Part of the reason for such worries is that there are so many symptoms of LC, and very little in the way of remedies. With my symptoms I may seem completely normal to others. It is almost as though the disease is invisible. In some ways it is lovely to be treated as normal, as that is what I want to be. It is a tug between these two elements: what I would like, and the reality of what I now am. The third element is a determination to get better. I want it. Family and friends want it for me too. Society expects it ‘by now’. It can be an endless wrangle using up precious energy that I need for other things.
My experience of having long Covid has opened my eyes to what many others live with all the time, the less abled of all kinds. Those who live with illness from childhood, those struck down by infirmity, by accident or freak event. There is lot to be learned.

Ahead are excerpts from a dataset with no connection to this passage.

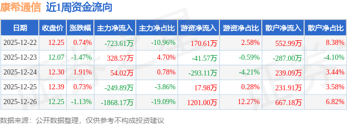 资金流向数据方面,本周康希通信主力资金合计净流出2459.08万元,游资资金合计净流入1054.91万元,散户资金合计净流入1404.18万元。本周资金流向一览见下表:
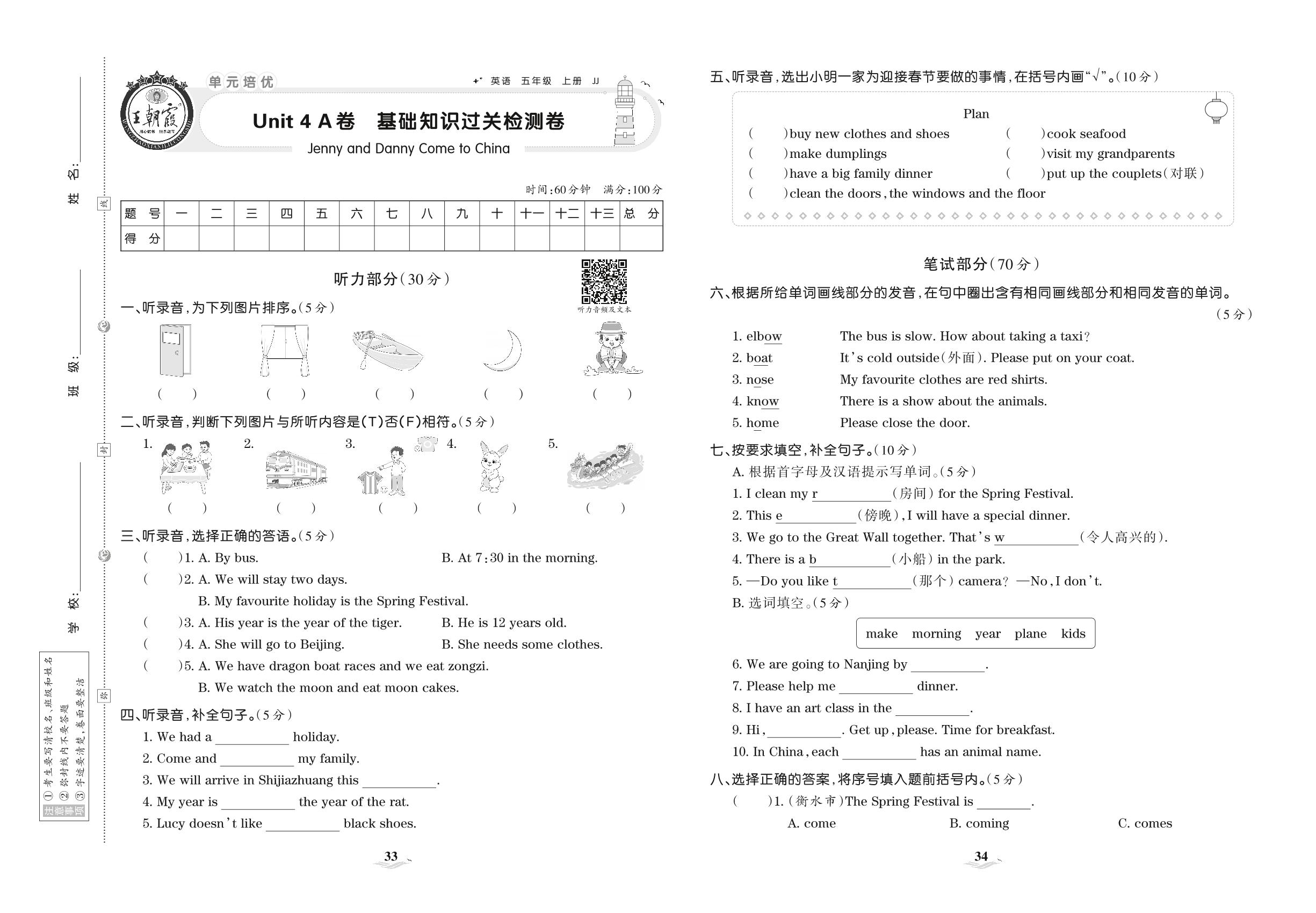 2021上册五年级英语冀教版 Unit 4 A卷 基础知识过关检测卷
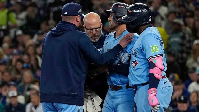 Worse still is that Springer, whose RBI double in the fifth inning tied the game 1-1, was hit on the right kneecap by a 95.6 m.p.h. fastball from Bryan Woo in the seventh and had to leave the game. While initial X-Rays were negative, he’ll undergo further tests once the team arrives in Toronto, although as Schneider noted, “he’ll have to really, really be hurting to not be in the lineup on Sunday.”
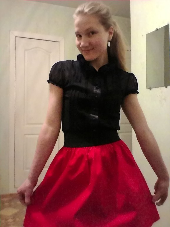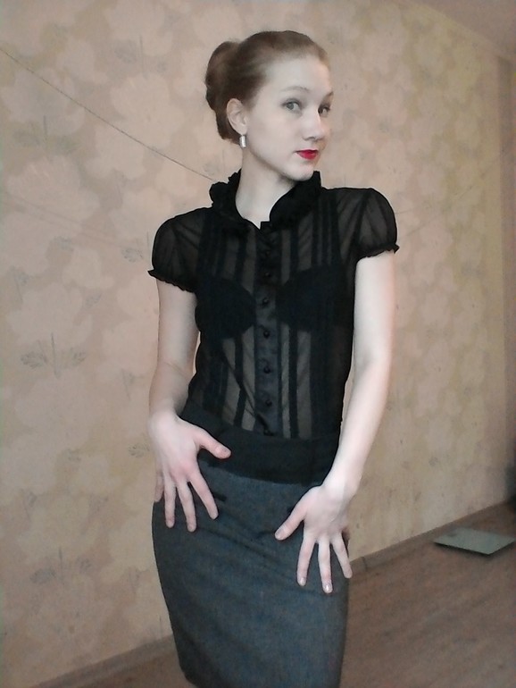 Из всего мне не нравится помада))). Все остальное требует других компаньонов. Первая блузка темно синей юбки карандаша с приличным разрезом позади , шпилек и прически со второго фото. Вторая блузка пиджака и ...вот даже не знаю что вниз, но ни эту ,ни красную юбку точно. Третий комплект- повседневка, с другой помадой будет дружить.
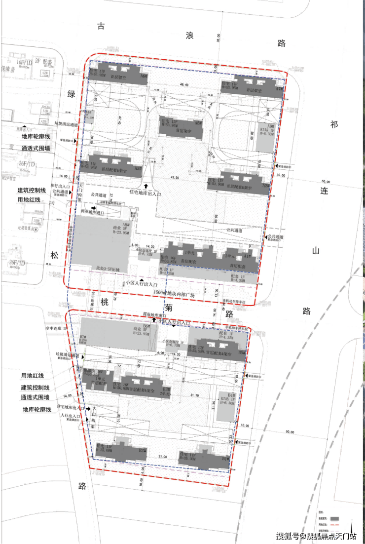 项目地块东至祁连山路,西至规划绿松路,南至常和路,北至古浪路。拟建10栋11-17层住宅, 另有部分商用及配套用房。
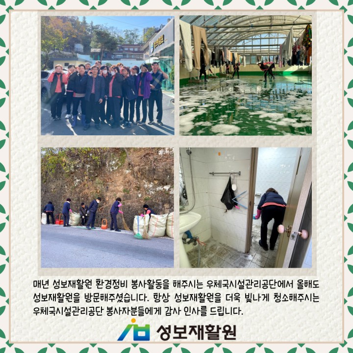 항상 성보재활원을 더욱 빛나게 청소해주시는 우체국시설관리공단 봉사자분들에게 감사 인사를 드립니다.
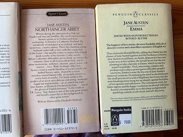 Vendo diversi libri di Jane Austen. In lingua inglese: "Northanger Abbey", "Emma", "Mansfield Park", "Sense and Sensibility". In lingua italiana: "Orgoglio e Pregiudizio" e "Persuasione". Il prezzo sotto si riferisce soltanto a "Emma", chiedere il prezzo di quello a cui si è eventualmente interessati.
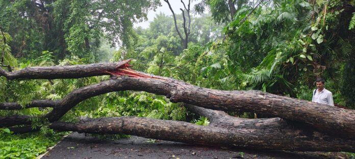 बेतिया/वाल्मीकिनगर। नेपाल की तराई क्षेत्र से लेकर भारतीय सीमा में पिछले 48 घंटे से हो रही बारिश से बगहा वाल्मीकिनगर- बगहा मुख्य पथ पर तेज हवा और बारिश के कारण विशाल पेड़ गिरने के कारण आवागमन पूर्णतः बाधित रहा। चमैनिया मोड़ ,धोबहा पुल व जलेबिया मोड़ के पास विशाल पेड़ गिरने के कारण घंटों तक यात्री वाहनों में फंसे रहे। वाहन चालक कई जगहों पर पेड़ गिरने की सूचना पाकर, वाहनों के रूट में तब्दीली कर घंटों लेट से यात्रियों को उनके मंजिल तक पहुंचाया। इस दौरान बगहा जाने के लिए यात्री वाहनों का इंतजार करते रहे। इधर बारिश भी रुकने का नाम नहीं ले रहा था। वहीं मौसम विभाग द्वारा जारी रिपोर्ट के अनुसार अगले 5 दिनों तक तेज हवा वह गरज के साथ है बारिश होने की संभावना है। पर्यवेक्षक सुधांशु कुमार ने बताया कि इस दौरान लोगों को सतर्क रहने की जरूरत है। विशेष जरूरी होने पर ही घरों से बाहर निकले। हालांकि इस बारिश से किसानों को बहुत फायदा हुआ है। धान और गन्ने की फसल को नया जीवन मिला है।
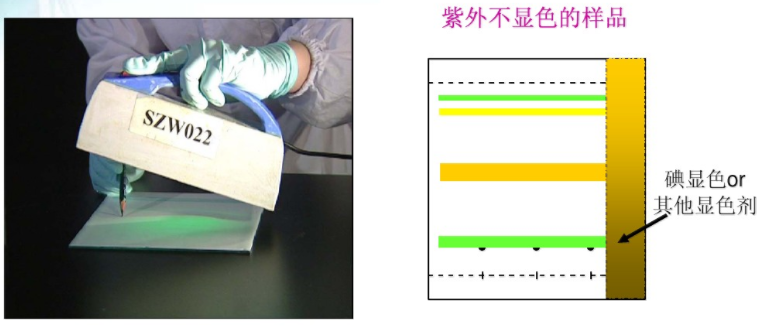 二照:在紫外燈下觀察有無暗斑或熒光斑點(diǎn)
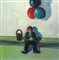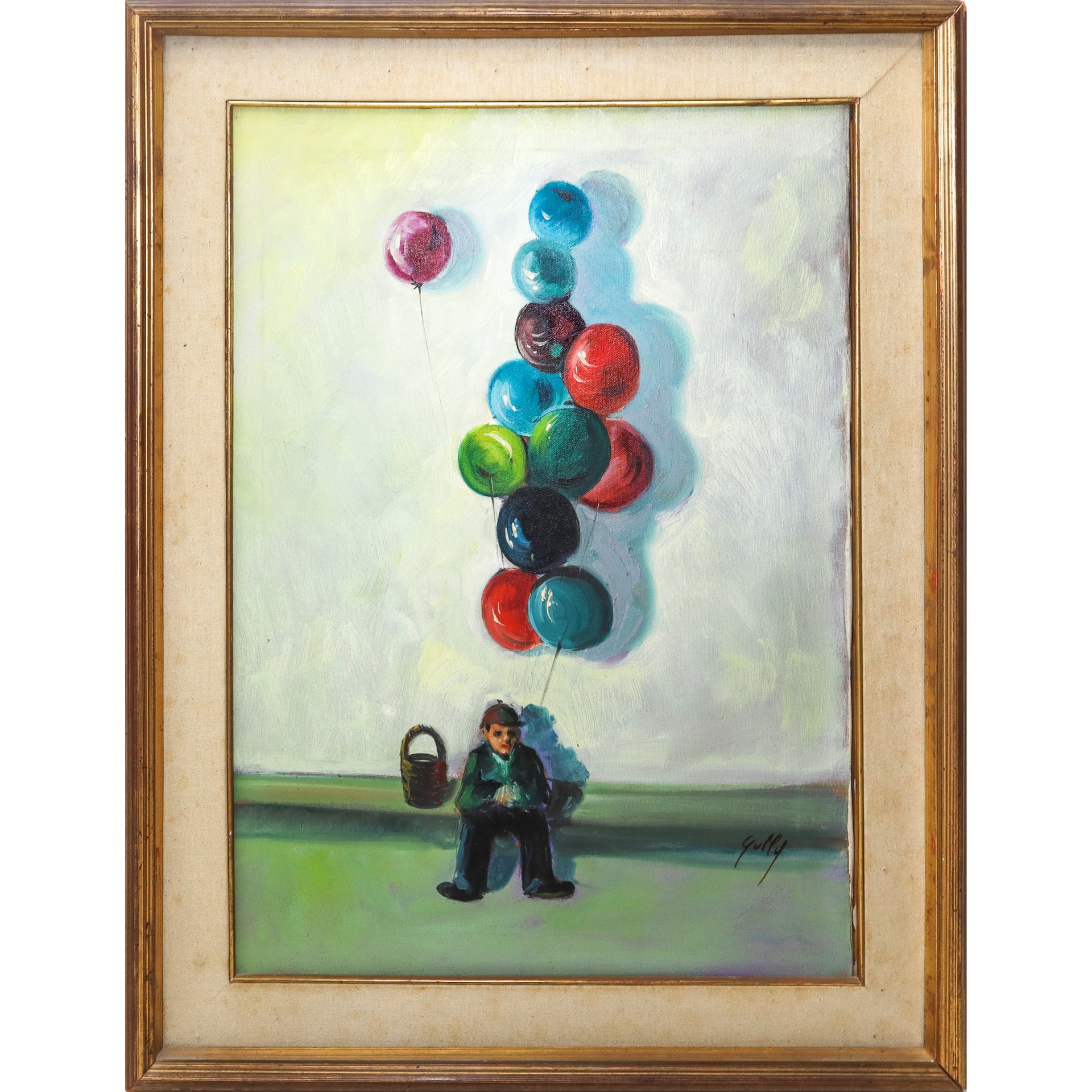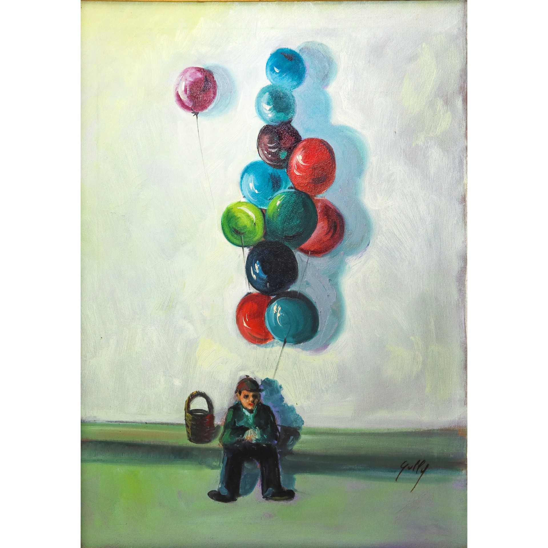 Venditore di palloncini cm 70 x 50 , in cornice 85 x 65 Olio su tela Firmato Gully in basso a destra e sul retro
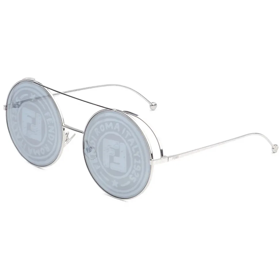 Round oversized sunglasses with palladium-color metal mount. Gray lenses with silver mirror-effect Fendi Roma stamp. Adjustable nose pads. Made in Italy.
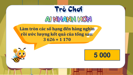 rồi ước lượng kết quả của tổng sau: 3 626 + 1 170 5 000
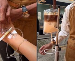 image credit: Instagram @buba_tea_bali インドネシアのバリ島にあるカフェ「Buba Tea Bali」では、病院で使われる点滴そっくりの容器を使って、カフェラテや抹茶ラテを提供して・・・
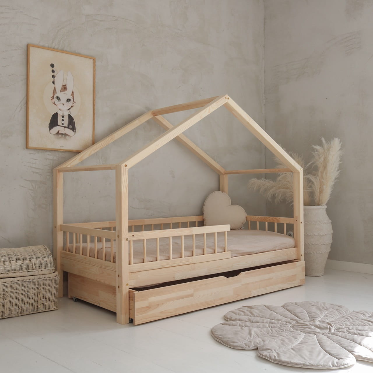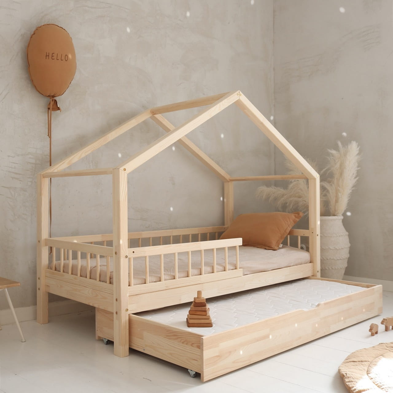 Το κρεβάτι Montessori HouseBed Bello  Plus είναι ένα χαμηλό κρεβάτι με σχέδιο σπιτάκι από πάνω. Μπορείτε να επιλέξετε συρτάρι ως δεύτερο κρεβάτι ή ενιαίο συρτάρι ως χώρο αποθήκευσης σύμφωνα με τις ανάγκες σας.
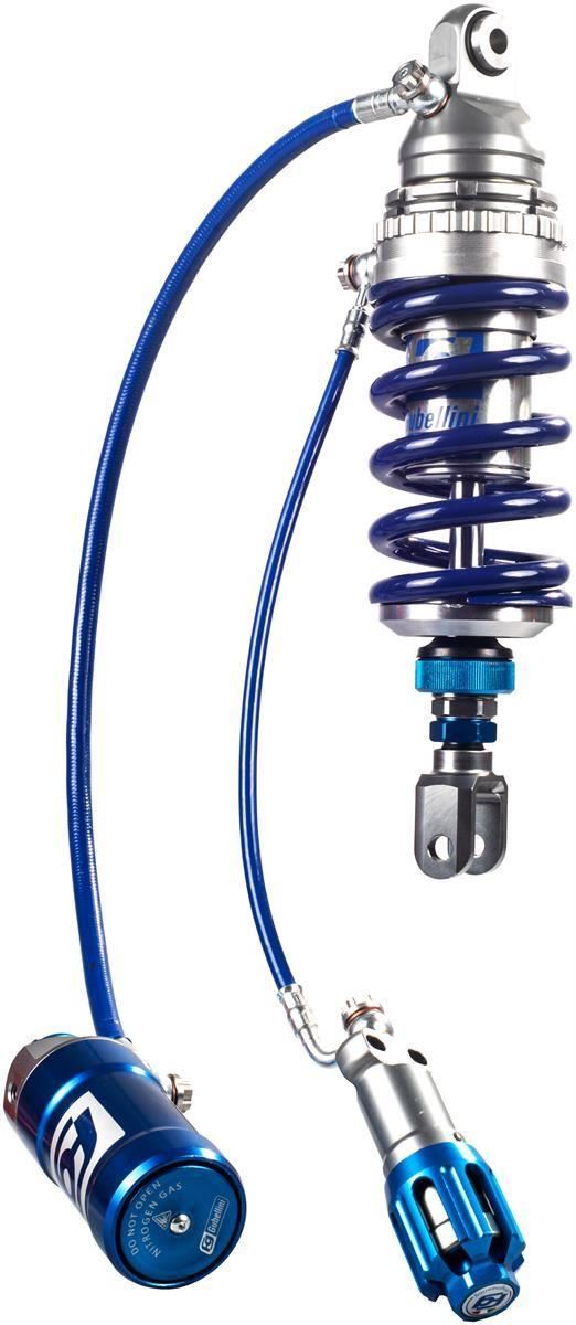 Il precarico molla a comando idraulico tramite un comodo pomello a scatti permette di regolare il precarico della molla in ogni momento e senza bisogno di attrezzi, in funzione delle condizioni del carico e dello stile di guida. Il pomello può essere integrato al corpo oppure collegato tramite tubo flessibile.

But what’s to be learned from dealing with all the pushing and pulling? Well, I do my best to remember that even though it has been over two years since I contracted the virus, I know that I am much better now than I was a one year ago. When I am asked how I am I can honestly say, ‘Much better thank you’ but feel obliged to add, ‘a bit up and down still, but better overall. It’s a slow process’. I hold on to that to get me through, in the full knowledge that it may well be another year or even longer, BUT with the hope that it won’t be.
It is with these kinds of thoughts that I come to an ENO Breathe Twilight session. What a relief. I can forget that part of the struggle. I don’t know if others find this, but I am so happy to take part in these sessions and so grateful that they are available. There are no tests to be done, no blood taken, no X-rays. Just me. No, that’s wrong. There are all these other people and we are all going through many versions of the same thing. And then a Suzi, or a Lea, or a Rob, or a Jonathan pops up and we’re off. It is so encouraging to be given practical help that is given with such cheery aplomb. For me it has made a huge difference. From dreading a simple thing like a conversation with a friend, when I used to run out of breath and wasn’t able to contribute as much as I wanted, I now recognise when I need to step back and remind myself of the simple steps that will make a difference. And I succeed. Thank you ENO Breathe. Thank you for the practical exercises. Thank you for keeping the pressure off. Most of all thank you for making it fun.